Farmers Join War Against Erosion
| ANSAI COUNTY, CHINA
YE HUAIMING struggles up a steep hillside to inspect a three-year-old apple orchard in Ansai County, Shaanxi Province, his feet sinking into the dry, fine soil as if it were sand on a dune.
"Can you taste the grit?" Mr. Ye shouts to a visitor over a wailing breeze. "The wind blows every day here. If you stay for a month, your skin won't be so smooth."
Ye is one of two Chinese engineers overseeing World Food Programme (WFP) Project China 3223, one of the most successful single efforts so far to reverse centuries of environmental degradation on China's loess plateau.
The $10.5 million project, which covers Ansai and two other counties along the watershed of the Xingzi River in northern Shaanxi Province, began in January 1989.
The goal of the five-year project is simple: to reduce the severe soil erosion in the area by persuading local peasants that planting trees and terracing land can increase their income.
"This way, the peasants will have enough to eat and wear," Ye says, "and we will conserve the land."
In Ansai, more than 6,000 families are contributing labor to the project in return for a daily ration of imported wheat. Their efforts have raised grain yields and increased the per capita net income by 25 percent to $37.
The project's success has won acclaim from China's government and the World Bank. Using Project 3223 as a model, the World Bank is preparing a plan of vast scope, called the Loess Plateau Project, to combat erosion on the loess plateau, a stretch of cliffs and gullies in north central China inhabited by more than 70 million people.
The World Bank project, the biggest of its kind, would cost $200 million to $300 million, with the bank financing 50 to 60 percent. It would cover eight river basins in the provinces of Shaanxi, Gansu, Inner Mongolia, and Shanxi, says Robert van der Lugt, deputy chief of mission of the World Bank in Beijing.
"We estimate that the project will begin by 1995, but it could go much more quickly," says Mr. Van der Lugt. Beijing is "excited" about the plan and is expected to complete the feasibility studies for it this year, he says.
Controlling soil erosion in China is an immense but urgent task. Erosion already affects more than 15 percent of the country's territory, and its scope is expanding at a rate of 250,000 acres a year. More than 60 percent of China's poverty-stricken counties are located in areas damaged by erosion.
Since the Northern Song Dynasty (AD 960-1127), generations of Chinese settlers have scavenged the plateau to meet their growing needs for food and fuel, depleting its forests and pasture land. The destruction continued through the 1970s, when Mao Zedong urged peasants to reclaim more land for grain production.
Stripped of trees, the region is scoured by dust storms for 30 to 45 days a year.
In some areas, whole villages have been buried in sand and dust. Millions of tons of the soft loess are washed off the plateau by rain and flushed into the Yellow River and its tributaries each year.

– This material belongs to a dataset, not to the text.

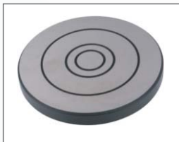
Ø150mm Flat Anvil

The natural devastation is striking in Ansai, where 94 percent of the arable land is affected by erosion. Much of the farmland is on hillsides that retain little water. Droughts are common, and with only 540 millimeters (21 inches) of rainfall a year, grain yields are sparse.
The WFP project is tackling erosion in two ways. On the less productive, sloping land, peasants no longer grow crops but are planting trees, shrubs, and grasses. On the better land, the peasants build terraces to increase crop yields and retain the soil.
Soil erosion experts say it will take the toil of many generations to rejuvenate the devastated land.